----- Records to use -----

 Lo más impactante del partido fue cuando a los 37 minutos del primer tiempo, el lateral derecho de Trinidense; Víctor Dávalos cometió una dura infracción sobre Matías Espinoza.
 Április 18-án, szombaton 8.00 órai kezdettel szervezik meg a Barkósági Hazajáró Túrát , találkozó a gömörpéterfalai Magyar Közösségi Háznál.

-----
----- Records to use -----

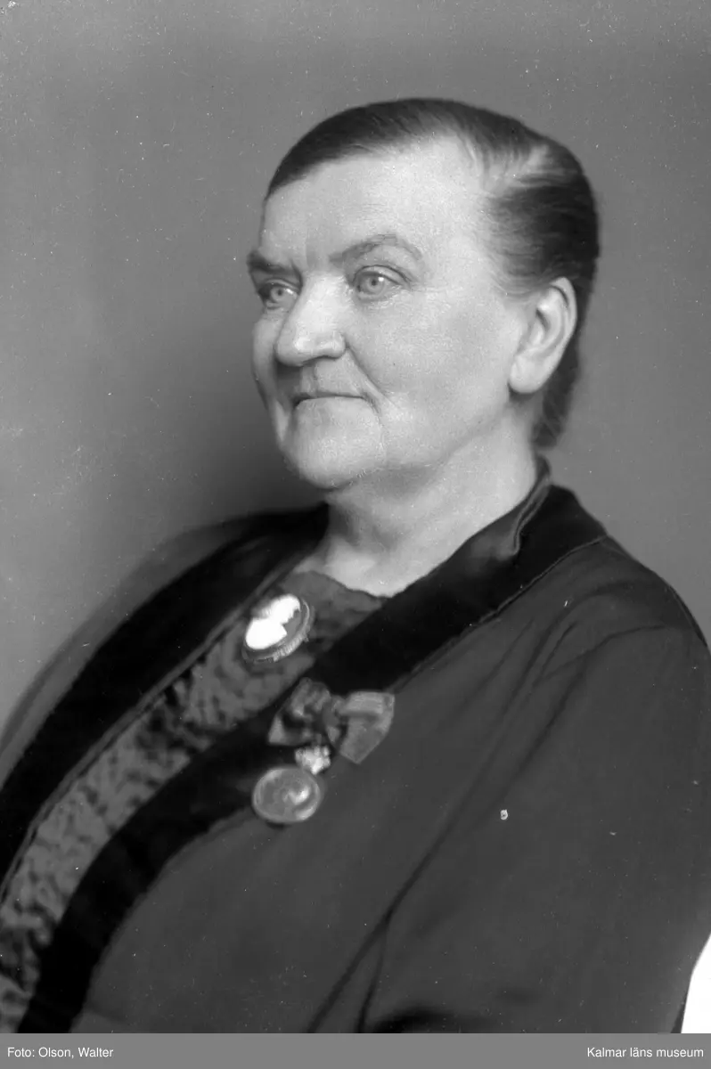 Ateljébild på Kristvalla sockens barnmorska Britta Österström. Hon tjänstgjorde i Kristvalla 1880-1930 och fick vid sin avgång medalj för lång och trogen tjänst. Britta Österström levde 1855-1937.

-----

■ Task details:
Write out exactly the lines above from the line with "Lo más impactante" through the line with "Április 18-án, szombaton", both of them included, and leave out all other lines.

■ Solved exercise:
 Lo más impactante del partido fue cuando a los 37 minutos del primer tiempo, el lateral derecho de Trinidense; Víctor Dávalos cometió una dura infracción sobre Matías Espinoza.
 Április 18-án, szombaton 8.00 órai kezdettel szervezik meg a Barkósági Hazajáró Túrát , találkozó a gömörpéterfalai Magyar Közösségi Háznál.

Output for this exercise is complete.